The report comes in the wake of the 2022 National Strategy on Hunger, Nutrition and Health, which centered on the need to harness the potential of FIM. The report discusses several potential national policy solutions, organized broadly around developing infrastructure, generating opportunities and funding and strengthening United States Department of Agriculture nutrition programs.

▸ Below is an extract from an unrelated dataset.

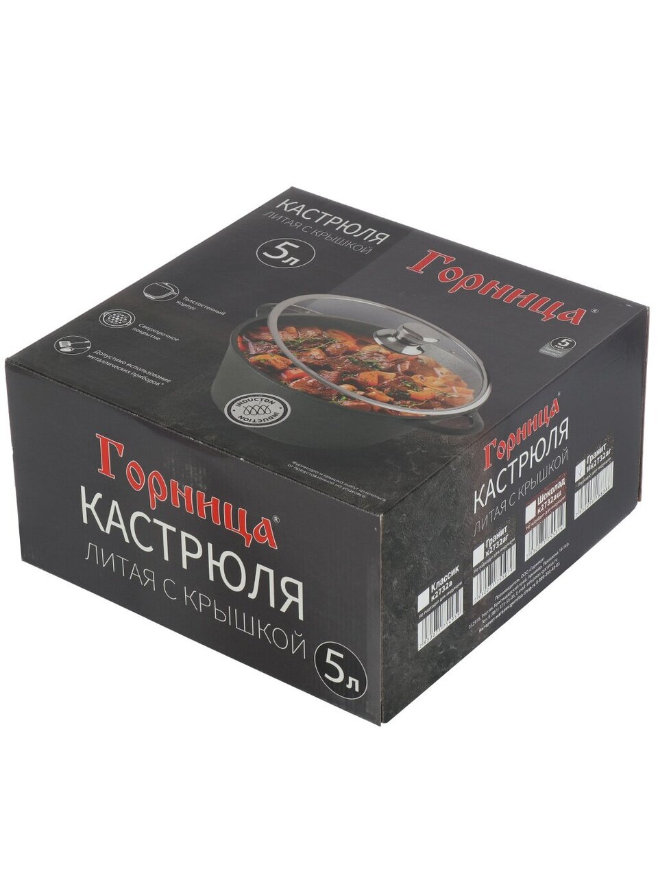 Кастрюля Горница Гранит Induction 5 л — надежный выбор для индукционных и газовых плит: антипригарное покрытие, стеклянная крышка, срок службы до 36 месяцев.

“The true costs of our food system — the environmental impact of how food is produced, the working conditions of the people who grow our food, and the impacts on our health, health care spending, and health equity are too often left off the price tag,” says Devon Klatell, vice president, Food Initiative at The Rockefeller Foundation. “This report can assist governments, companies and consumers in better evaluating the value of Food is Medicine interventions by considering not just the price paid for food, but the return on investment in improved health outcomes they can deliver. We look forward to working with all sectors to further advance our collective knowledge and understanding of the potential of Food is Medicine interventions.”
A major and long-standing barrier to improving nutrition security and access to FIM interventions is the lack of health care provider education about nutrition, according to the institute. Nutrition education is generally limited during health care providers’ training. For example, the typical medical student receives less than 20 hours over four years of medical school, much of it in basic science classes during the first year. Other barriers to nutrition security and FIM interventions include inconsistent coverage and payment, as well as inadequate coordination between the health care system and community-based organizations that provide food.